◆ Task to carry out:
What you should end up with is an exact copy of the lines from the one holding "Mesa de Jantar" through the last line of the entries below, both included, and nothing else; leave every picture out.

Excerpts from a dataset:
====

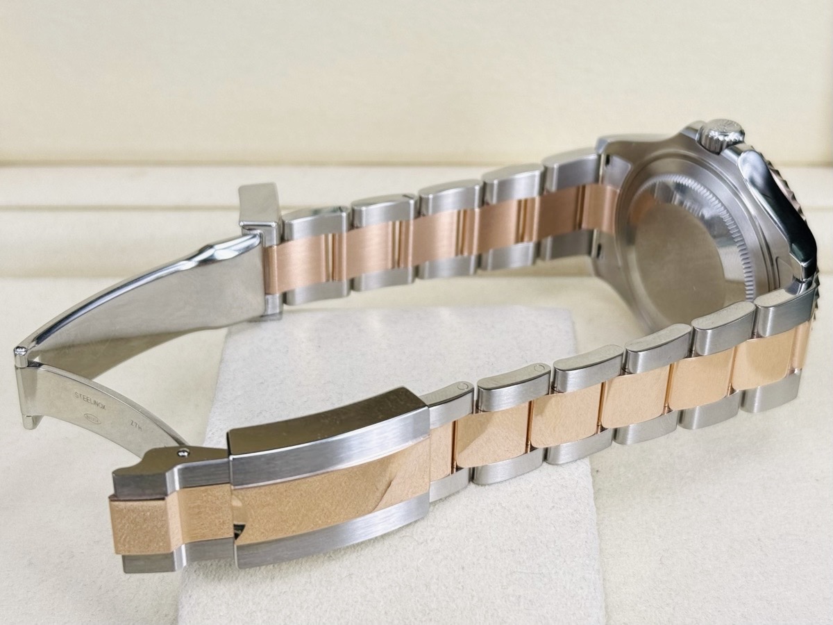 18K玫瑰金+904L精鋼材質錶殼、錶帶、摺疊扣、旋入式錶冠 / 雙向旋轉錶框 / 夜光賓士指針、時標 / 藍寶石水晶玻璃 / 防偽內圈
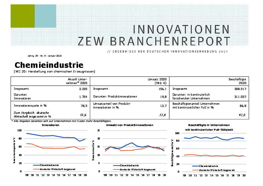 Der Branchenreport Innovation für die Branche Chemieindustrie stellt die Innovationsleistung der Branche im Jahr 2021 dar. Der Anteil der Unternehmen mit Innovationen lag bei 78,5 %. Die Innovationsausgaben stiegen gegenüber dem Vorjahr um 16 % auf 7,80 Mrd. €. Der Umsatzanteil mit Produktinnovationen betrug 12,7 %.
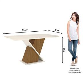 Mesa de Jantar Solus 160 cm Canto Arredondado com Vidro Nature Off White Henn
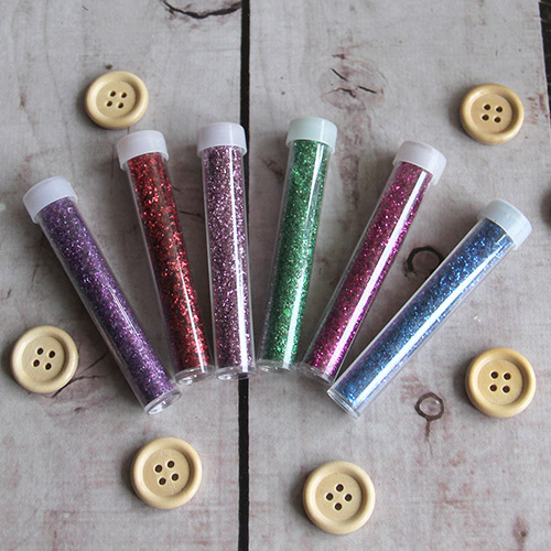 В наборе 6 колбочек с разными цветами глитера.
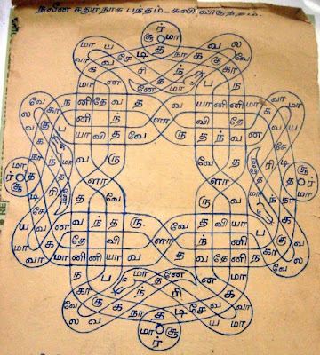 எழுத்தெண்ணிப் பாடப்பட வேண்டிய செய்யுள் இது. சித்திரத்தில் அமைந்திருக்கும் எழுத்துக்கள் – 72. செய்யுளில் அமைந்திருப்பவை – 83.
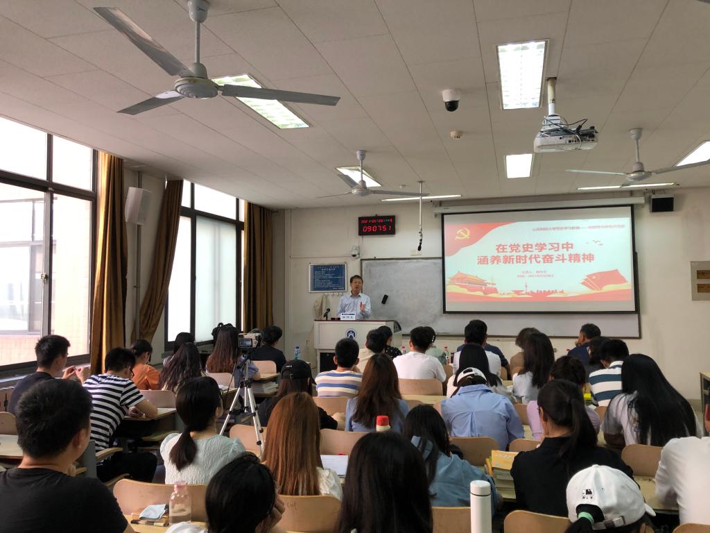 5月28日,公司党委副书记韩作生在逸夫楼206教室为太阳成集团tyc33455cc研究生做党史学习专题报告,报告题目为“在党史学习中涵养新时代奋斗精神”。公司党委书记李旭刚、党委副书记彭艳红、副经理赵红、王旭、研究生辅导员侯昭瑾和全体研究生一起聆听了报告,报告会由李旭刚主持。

====

◆ Solved exercise:
 Mesa de Jantar Solus 160 cm Canto Arredondado com Vidro Nature Off White Henn
 В наборе 6 колбочек с разными цветами глитера.
 எழுத்தெண்ணிப் பாடப்பட வேண்டிய செய்யுள் இது. சித்திரத்தில் அமைந்திருக்கும் எழுத்துக்கள் – 72. செய்யுளில் அமைந்திருப்பவை – 83.
 5月28日,公司党委副书记韩作生在逸夫楼206教室为太阳成集团tyc33455cc研究生做党史学习专题报告,报告题目为“在党史学习中涵养新时代奋斗精神”。公司党委书记李旭刚、党委副书记彭艳红、副经理赵红、王旭、研究生辅导员侯昭瑾和全体研究生一起聆听了报告,报告会由李旭刚主持。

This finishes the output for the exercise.